On Nov 4 2021, a research article entitled “A generalized linear mixed model association tool for biobank-scale data” from a team led by Prof Jian Yang at the School of Life Sciences at Westlake University was published online in Nature Genetics . The team developed an ultra-efficient generalized linear mixed model-based (GLMM) association analysis tool, named fastGWA-GLMM, for genome-wide association studies (GWASs) of binary traits (a trait with only two possible values, e.g., disease status). fastGWA-GLMM and fastGWA (a tool developed earlier by the same team for continuous traits) are currently the only mixed model-based association tools that apply to large-scale data with millions of individuals.

Most traits in humans such as behaviors, physiological characteristics and disease susceptibilities are influenced by a large number of genetic variants each with a small effect. GWAS is a widely used experimental design to detect genetic variants associated with a disease of interest. It is used to characterize genetic variations by comparing the genetic information of a large cohort of people, using statistical methods to scan the genome to identify genetic variants associated with the disease, and to reveal genes and regulatory mechanisms related to disease occurrence and development.

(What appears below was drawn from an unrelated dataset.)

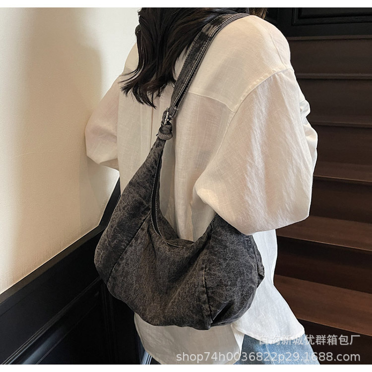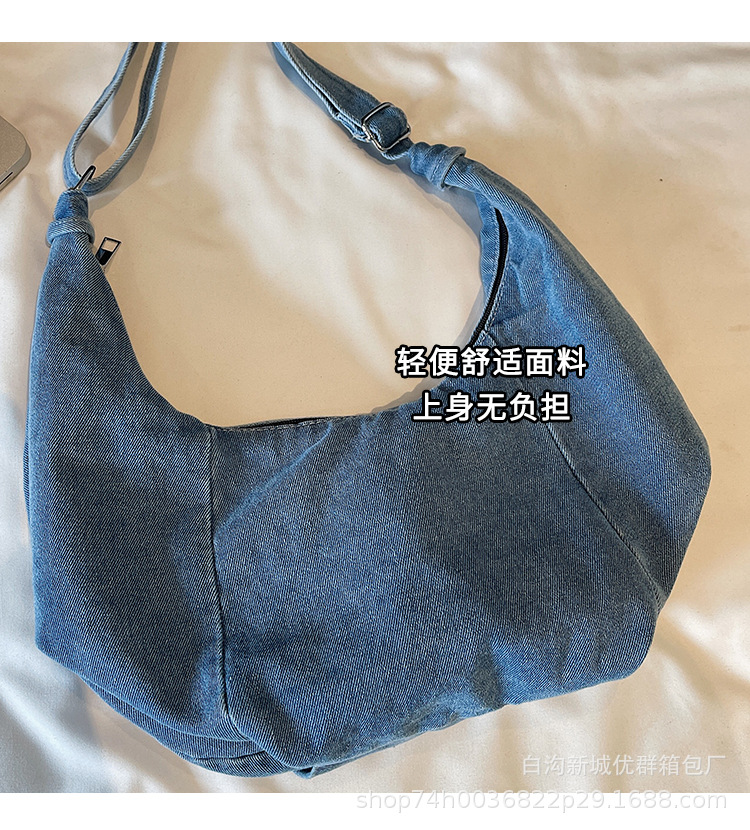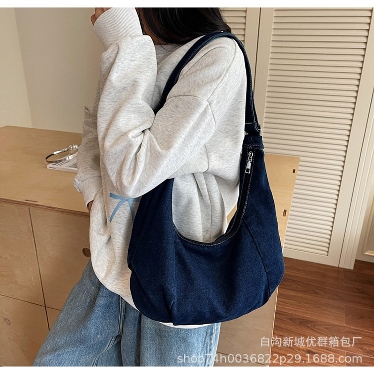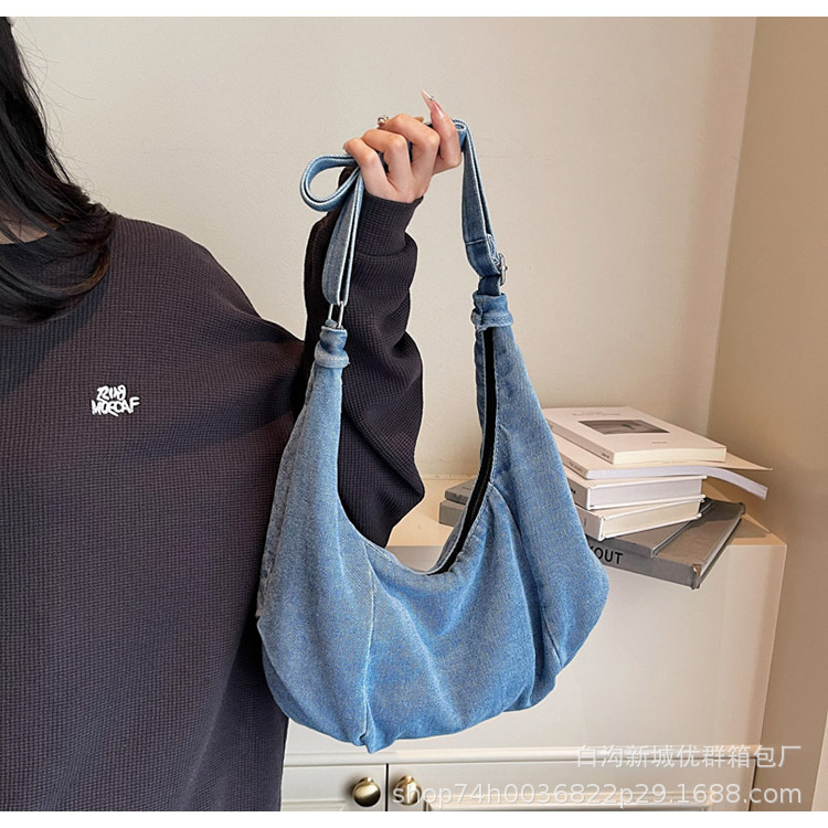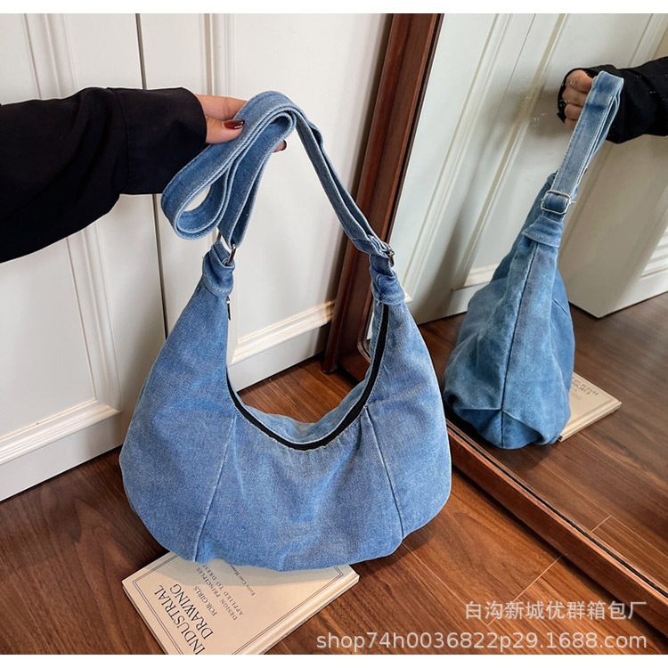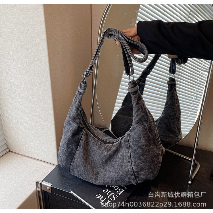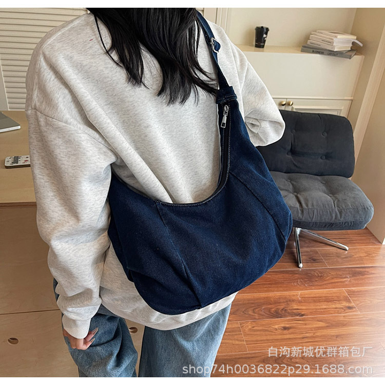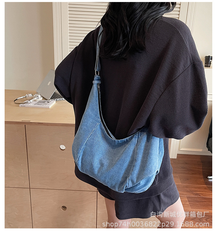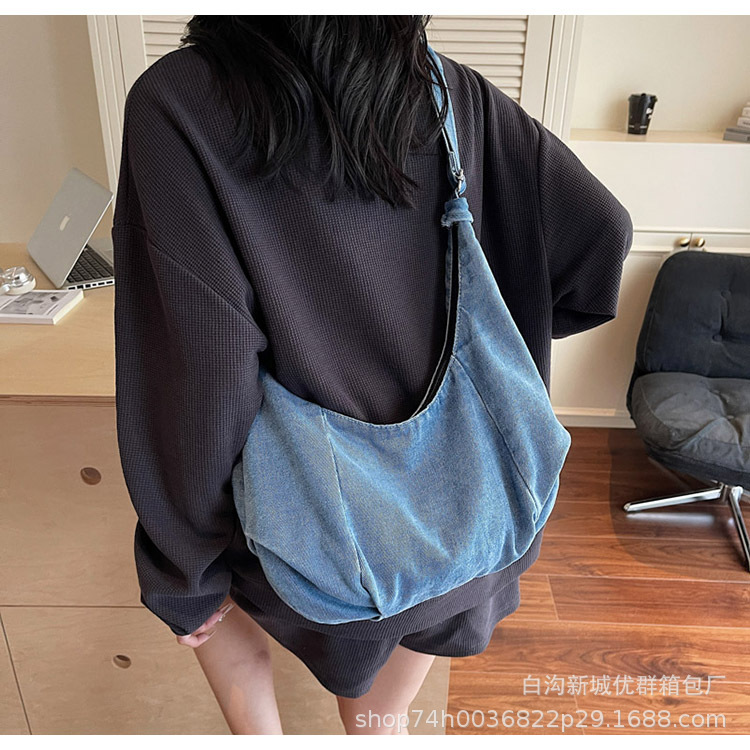 여성을 위한 복고풍 게으른 스타일 데님 캔버스 가방 새로운 대용량 통근 토트 백 경량 다용도 싱글 숄더 크로스 바디 백

Mixed model-based association analysis tools are often preferred in GWAS because of their advantage in correcting confounding factors that could potentially bias the association analysis results. In recent years, the computational efficiencies of mixed model-based tools are challenged by data from cohorts with very large sample sizes, such as the UK Biobank (UKB). For example, a typical GWAS in the UKB involves the analysis of data of on >400,000 individuals each with >10 million genetic variants.

Yang’s team proposed a sparse matrix-based model and a series of efficient computational algorithms that circumvented the limitations of mixed models in computing speed and memory usage and developed an ultra-efficient GLMM-based association analysis tool for binary traits, fastGWA-GLMM. They used real data to demonstrate the extremely high computational efficiency of fastGWA-GLMM, which far exceeds existing GLMM-based methods. For example, the computational efficiency can reach 36 times that of the most used GLMM-based association tool in the analysis of the UKB data. In a simulated cohort of 2 million people (each person has about 12 million genetic variants), a fastGWA-GLMM analysis can be completed in only 17 hours using 16 CPU cores and 32GB of memory, but such an analysis is not achievable for other mixed model-based tools. fastGWA-GLMM's fast processing capability for large data is of great significance to the upcoming biobank-scale data with millions of samples.

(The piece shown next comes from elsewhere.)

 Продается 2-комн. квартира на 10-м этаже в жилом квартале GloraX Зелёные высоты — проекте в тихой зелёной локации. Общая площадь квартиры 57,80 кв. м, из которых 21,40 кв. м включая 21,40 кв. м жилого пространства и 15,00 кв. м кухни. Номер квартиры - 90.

As an efficient and robust association analysis tool, fastGWA-GLMM can be applied to identify genetic variants for binary traits in all the large-scale biobanks. The team has used fastGWA-GLMM to analyze 2,989 binary traits in the UKB and shared all the association analysis results on their online data portal (http://fastgwa.info/ukbimpbin). Users can browse, retrieve, query, and download all the result data without restrictions on this platform. Moreover, this method has been integrated into the open-source software package GCTA developed by the team (https://yanglab.westlake.edu.cn/software/gcta). fastGWA and fastGWA-GLMM may become indispensable tools for genetic analysis of data from ultra-large biological repositories in the future, and their application potential for deciphering the genetic mysteries of complex human diseases is immeasurable. 

Doctoral student from the University of Queensland (UQ), visiting student at Westlake University Dr. Longda Jiang (currently a postdoctoral fellow at the New York Genome Center), and Dr. Zhili Zheng from UQ are the co-first authors of this article, and Professor Yang Jian from Westlake University is the last author.